Anthony YECKABOFSKY, Plaintiff,
Abraham A. RIBICOFF, Secretary of Health, Education and Welfare, United States of America, Defendant

The opinion of the court was delivered by: GANEY

This action was commenced under 205(g), as amended, of the Social Security Act, 42 U.S.C.A. § 405(g) to review a decision of the Secretary of Health, Education and Welfare denying plaintiff's claim for disability benefits.

Alleging that he had been unable to work since March of 1949, because he was suffering from anthracosilicosis, plaintiff filed on application with the Social Security Administration pursuant to § 223 of the Act, 42 U.S.C.A. § 423, for monthly disability insurance benefits. *fn1" The Secretary determined that plaintiff's impairments were not of such severity as to continuously preclude him from engaging in any substantial gainful activity at or prior to December 30, 1959, when he last met the earning requirements of the Act, and denied his claim on January 26, 1960, and his request for review on May 24, 1960.

 We think the claim should be sent back to the Secretary for further action. For a proper understanding of our reasons for thinking so, a rather detailed statement of the history of the case should be set forth.

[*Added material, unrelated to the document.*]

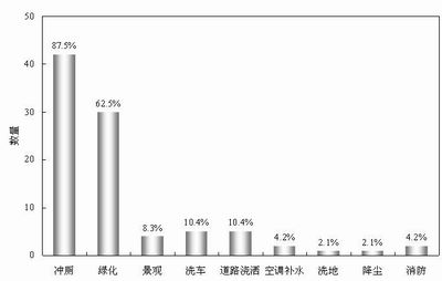 目前我國社區污水再生利用大多以沖廁和小區雜用為主。2004年8月~2005年3月,筆者對京津地區的48家社區污水再生利用狀況作了調研(其中商業樓宇、大專院校、居民小區各16家),其出水用途統計如圖1所示。可見在社區污水再生利用中,沖廁和綠化占了相當大的比例。

 A partial resume of the testimony and medical reports upon which the hearing examiner based his decision is as follows: 'Claimant gave his date of birth as February 9, 1898 * * *. He attended elementary school up to the 4th grade and began working in the coal breakers sometime in 1912. He served in World War I from 1917 to 1919. After his discharge he began working as a laborer in the coal mines and was employed (as a coal miner) until October, 1945, when he was compelled to terminate his work because of shortness of breath. Claimant stated that he first began to notice shortness of breath in 1944. He was out of work then for about three months * * *. He returned to work in February, 1945, but in October found that he could no longer continue because of his difficulty in breathing. Claimant testified that he had received no medical treatment for his shortness of breath until he began receiving treatment at the State Clinic in Shenandoah (Pennsylvania) on March 9, 1949, when x-rays of his chest were taken. He has been attending the clinic regularly since that time * * *. He was hospitalized at the Veterans Administration Hospital, Batavia, New York, from April through August, 1955, because of his lung condition * * *. He has great difficulty in getting about because of his shortness of breath. He finds that it is difficult to life anything and complained of a dizzy sensation when bending * * *. He does very little about the house. His wife takes care of the cleaning and other household duties * * *.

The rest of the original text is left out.